START DATA FOR REVIEW
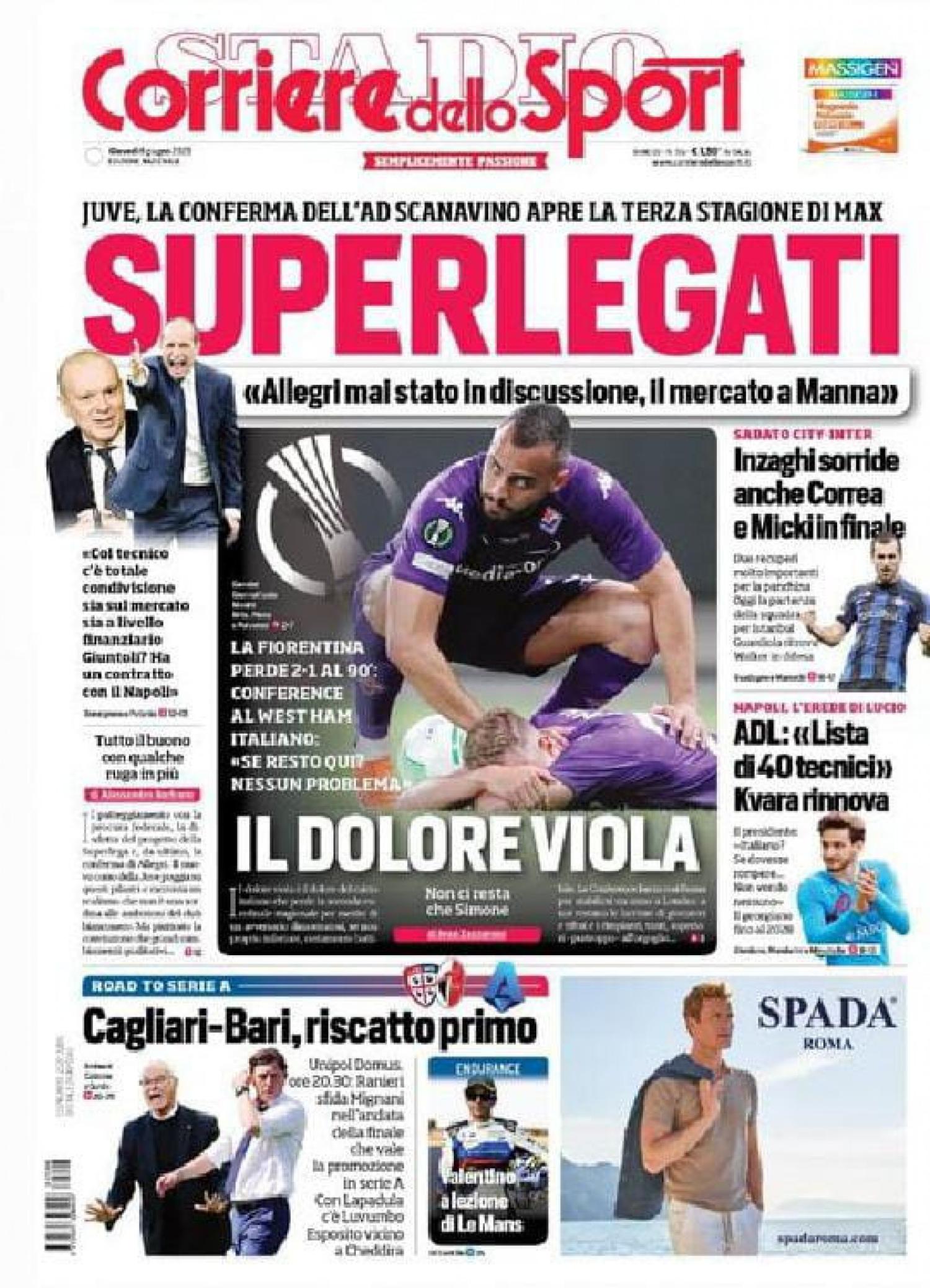 Nell'edizione di oggi, il Corriere dello Sport apre in prima pagina con la conferma di Allegri sulla panchina della Juventus: "Superlegati. Juve, la conferma dell'ad Scanavino apre la terza stagione di Max". A centro pagina spazio alla sconfitta della Fiorentina in finale di Conference League: "Il dolore viola". Di spalla spazio alle parole di ADL: "Lista di 40 tecnici" e al mercato azzurro: "Kvara rinnova".
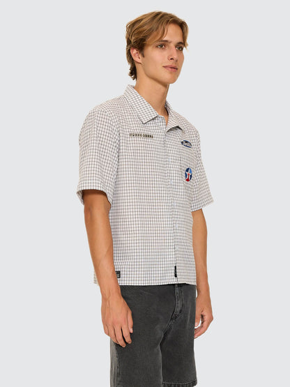 Workwear attitude meets modern streetwear in the Super Charged Short Sleeve Cropped Check Work Shirt in White. Crafted from a breathable blend of cotton and linen yarn dye check, this piece from our men's shirts AU selection is lightweight yet structured, making it an easy favourite for layering and everyday wear. The cropped cut and boxy silhouette give it a progressive edge, while the subtle motorsport-inspired patches nod to ThrillsÕ high-octane influences. A versatile staple in men's fashion AU-style, this button shirt balances vintage workwear roots with a shorter, modern fit. Available now to buy online with free shipping AU-wide.
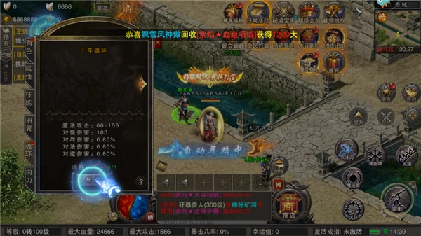 要是私服开启符文系统,镶嵌“玄龟符石”(可增加3点道术)就能达成属性突破。
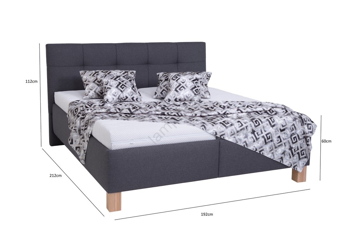 • Тапицирано легло с място за съхранение MARIA 180x200 см, без матрак, сиво
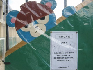 体育館前に「きぬごん板」が設置されました。生徒会協議会を中心に作製された掲示板です。生徒会新聞などを掲示していく予定です。ぜひ見て下さいね。
END DATA FOR REVIEW
WORK REQUEST:
Output exactly the lines from the line containing "без матрак, сиво" through the last line of the records, both included, and leave out every picture.

OUTPUT:
 • Тапицирано легло с място за съхранение MARIA 180x200 см, без матрак, сиво
 体育館前に「きぬごん板」が設置されました。生徒会協議会を中心に作製された掲示板です。生徒会新聞などを掲示していく予定です。ぜひ見て下さいね。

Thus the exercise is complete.